My LBS has a slightly used Scott Endorphin for sale. I remember this bike from the mid 90's. It is made of carbon fiber, it is a "soft tail" as it has about 3/4 inch flex built into the chainstays. It looks to be in good condition, no cracks or pealing of the laquer. Anyone remember if there were any problems with this frame? Such as breaking etc. I can get it for about $200 USD. Also, I am a Clyde at around 250lbs, would this pose a problem for the frame. I intend to ride it mostly trail and road, no jumps, hucks, or barn storming. Thanks alot.


----------



## scant (Jan 5, 2004)

my mechanic mate rowan had 1. after a few years noticed masses of tiny hairline cracks @ pretty much every "tube" intersection. scott wouldnt warranty it either. he used it for about a year as a winter bike until it became real flexy... at which point he stopped using it!


----------



## Sunju (Sep 4, 2004)

scant said:


> my mechanic mate rowan had 1. after a few years noticed masses of tiny hairline cracks @ pretty much every "tube" intersection. scott wouldnt warranty it either. he used it for about a year as a winter bike until it became real flexy... at which point he stopped using it!

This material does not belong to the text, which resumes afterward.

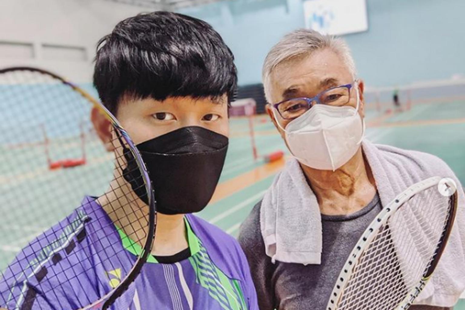Singer JJ Lin posted a photo of himself with his father during a badminton session.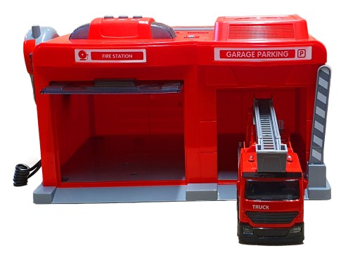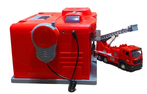 Малюки можуть по-справжньому говорити в мікрофон і використовувати гучномовець, щоб закликати пожежників до дії. Тепер їх почують усі, а головне – допомога прибуде вчасно. На даху встановлені спеціальні кнопки, при натисканні на які подаються відповідні звукові сигнали.Станція розділена на дві частини: станцію з рухомими воротами та критий гараж зі шлагбаумом.

 Thank you for the information. I think I will pass on it. It also needs a special derailure and other not so easy to locate items. Thanks


----------



## Sideknob (Jul 14, 2005)

*Endorphin*

One 'o' these?:


----------



## GoldenG (Feb 18, 2011)

Oops


----------



## Rumpfy (Dec 21, 2003)

Yours looks very pixelated.


----------



## ameybrook (Sep 9, 2006)

Braiiiiins


----------



## Uncle Grumpy (Oct 20, 2005)

ameybrook said:


> Braiiiiins


This is the Vintage board. Around here we like our bikes pre-1996 and our threads pre-2010. 

I think it's great that people are finding old threads and adding to them after years have passed, instead of starting a new thread. Oh, except when someone was selling a bike in 2008 and someone pipes up to ask if it's still for sale. Ha!

Grumps


----------



## mik_git (Feb 4, 2004)

Rumpfy said:


> Yours looks very pixelated.


I think that was an issue with the very early ones, they solved it by the team version

eg, no pixelationa t all...or background either for that matter... very fast.


----------